## PROVIDED ENTRIES
>>>>
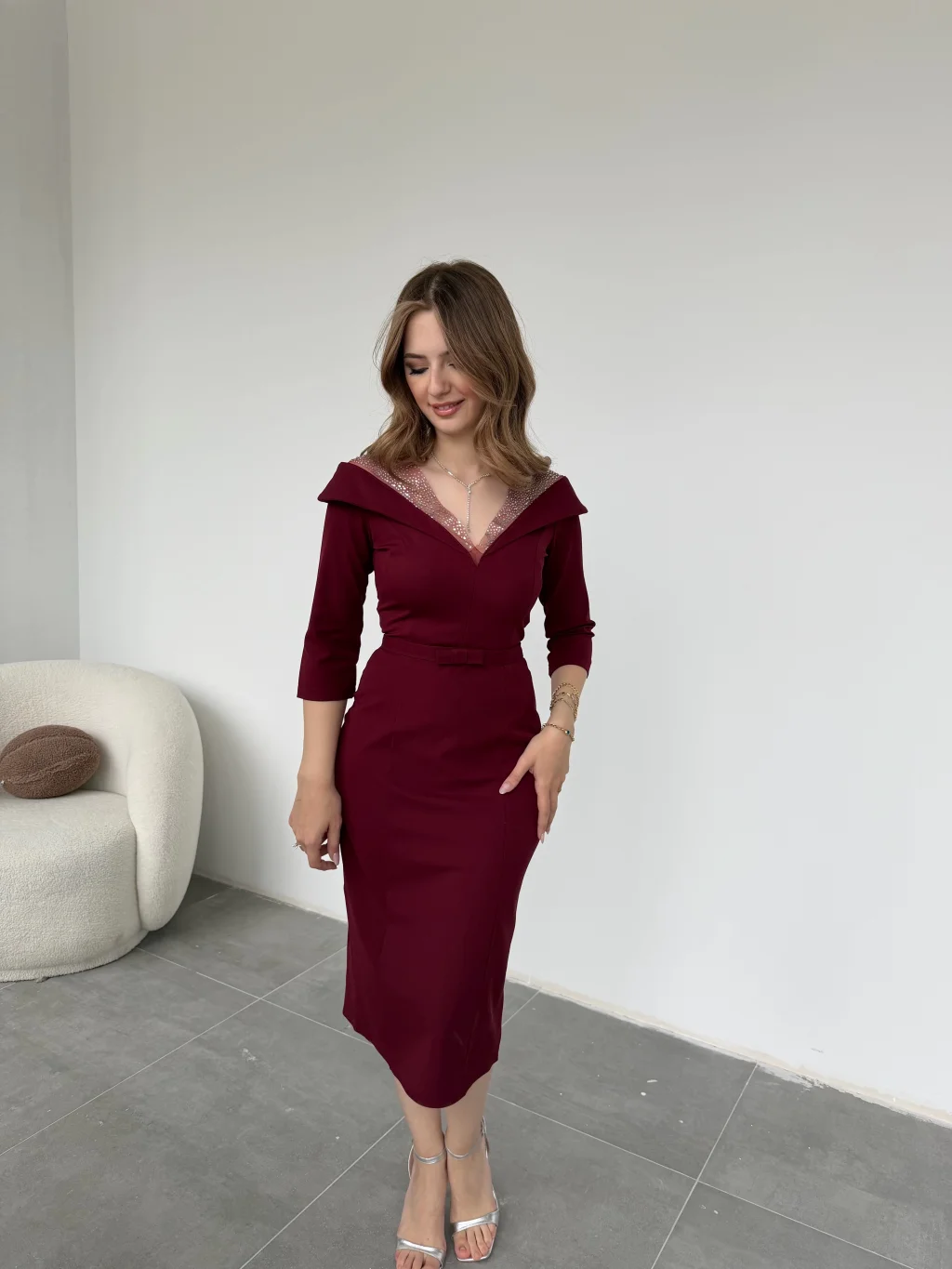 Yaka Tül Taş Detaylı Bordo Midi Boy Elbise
<<<<
>>>>
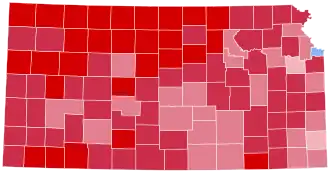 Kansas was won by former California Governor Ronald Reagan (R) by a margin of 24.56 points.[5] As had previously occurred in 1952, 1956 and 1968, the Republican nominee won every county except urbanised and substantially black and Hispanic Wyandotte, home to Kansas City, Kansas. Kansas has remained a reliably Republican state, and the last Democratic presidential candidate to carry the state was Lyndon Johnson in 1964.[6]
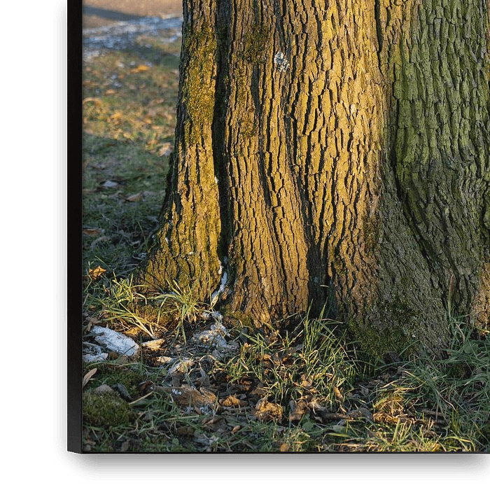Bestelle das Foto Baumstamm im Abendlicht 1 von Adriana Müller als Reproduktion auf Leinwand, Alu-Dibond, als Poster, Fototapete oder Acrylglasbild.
<<<<
>>>>
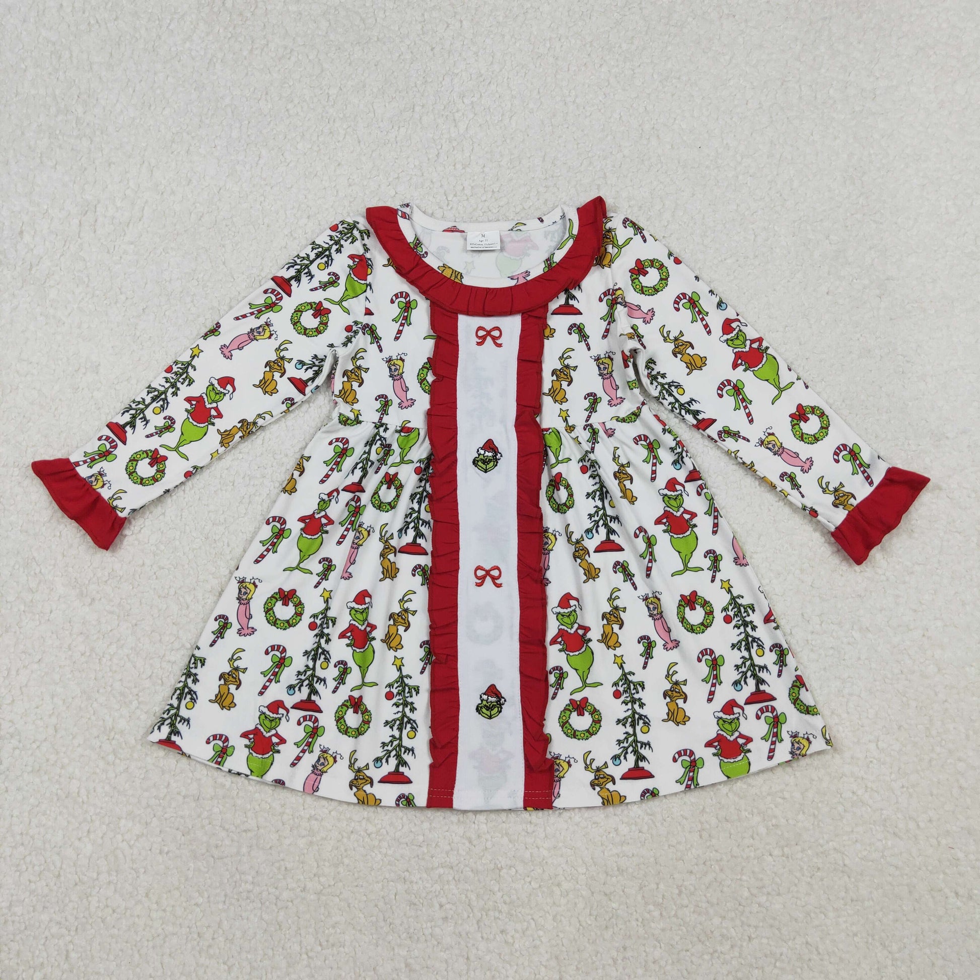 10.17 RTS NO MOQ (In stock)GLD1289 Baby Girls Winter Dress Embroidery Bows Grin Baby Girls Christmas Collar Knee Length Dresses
<<<<
## EXERCISE OBJECTIVE
Work from the entries above. Set down exactly and only the lines from the line with "Kansas was won" to the line with "Bestelle das Foto", both included, and leave the pictures out.

## RESULT OF THIS EXERCISE
 Kansas was won by former California Governor Ronald Reagan (R) by a margin of 24.56 points.[5] As had previously occurred in 1952, 1956 and 1968, the Republican nominee won every county except urbanised and substantially black and Hispanic Wyandotte, home to Kansas City, Kansas. Kansas has remained a reliably Republican state, and the last Democratic presidential candidate to carry the state was Lyndon Johnson in 1964.[6]
Bestelle das Foto Baumstamm im Abendlicht 1 von Adriana Müller als Reproduktion auf Leinwand, Alu-Dibond, als Poster, Fototapete oder Acrylglasbild.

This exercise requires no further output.